Steven Sawyer, Executive Director for POCAAN, talks about Past, Present and Future

by MK Scott

I had a chance to chat with Steven Sawyer, POCAAN’s Executive Director, about his plans for the future.

MK: Since taking over as Executive Director of POCAAN in March 2017, what have been the highlights?

Sawyer: Oh wow, that’s a hard question to answer. My team and I have accomplished so much over the last two years. We’ve added 4 brand new programs and expanded many others to better serve the Greater Seattle community. We started an annual fundraising gala that raised $17,000 in its second year. Since then, we have hired seven new staff and are now launching the first Pacific Northwest Black Pride to further engage the community. My passion is really being in and serving my community.

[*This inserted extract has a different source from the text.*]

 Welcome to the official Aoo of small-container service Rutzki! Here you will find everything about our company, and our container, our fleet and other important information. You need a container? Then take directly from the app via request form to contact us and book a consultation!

MK: What are the future plans for the organization?

Sawyer: As we expand, we plan to increase our client intake by 8% in the following year and begin an STI testing program. The expansion will answer our challenges, such as space constraints. This fall we will launch a second office in the South Seattle area (near Renton, WA) and a Trans leadership development institute. We want to make sure that POCAAN is a staple in the black and gay community of Seattle for another 30+ years.

MK: According to your bio, you had your start as a minister.

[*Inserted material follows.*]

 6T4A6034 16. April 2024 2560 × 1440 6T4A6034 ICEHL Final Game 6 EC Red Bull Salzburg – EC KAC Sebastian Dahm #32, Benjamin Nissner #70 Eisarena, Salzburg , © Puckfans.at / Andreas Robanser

Sawyer: Yes, I’m a third generation preacher/pastor from Louisiana where my great-grandfather founded my home church. I currently serve in a national role as Auxiliary Bishop in the United Progressive Pentecostal Church Fellowship under the direction of our Presiding Bishop O. C. Allen III. It’s one of the country’s few Affiriming Pentecostal denominations. This summer, UPPC launched a national initiative entitled ‘Prevention from the Pulpit.’ We are seeking to heal some of the wounds and break the cycle of stigma around HIV created by some religious institutions.

MK: Who is your greatest inspiration?

Sawyer: One of my greatest inspirations is Bayard Rustin. Not only was he a brilliant American leader in the Civil Rights Movement, he was an architect of the movement for nonviolence and Gay rights. He advised and provided direction to Dr. Martin Luther King Jr., and helped organize the Southern Christian Leadership Conference to strengthen King’s leadership.

Rustin promoted the philosophy of nonviolence and the practices of nonviolent resistance, which he had observed while working with Mahatma Gandhi’s movement in India, and helped teach Dr. King about nonviolence while living his life authentically.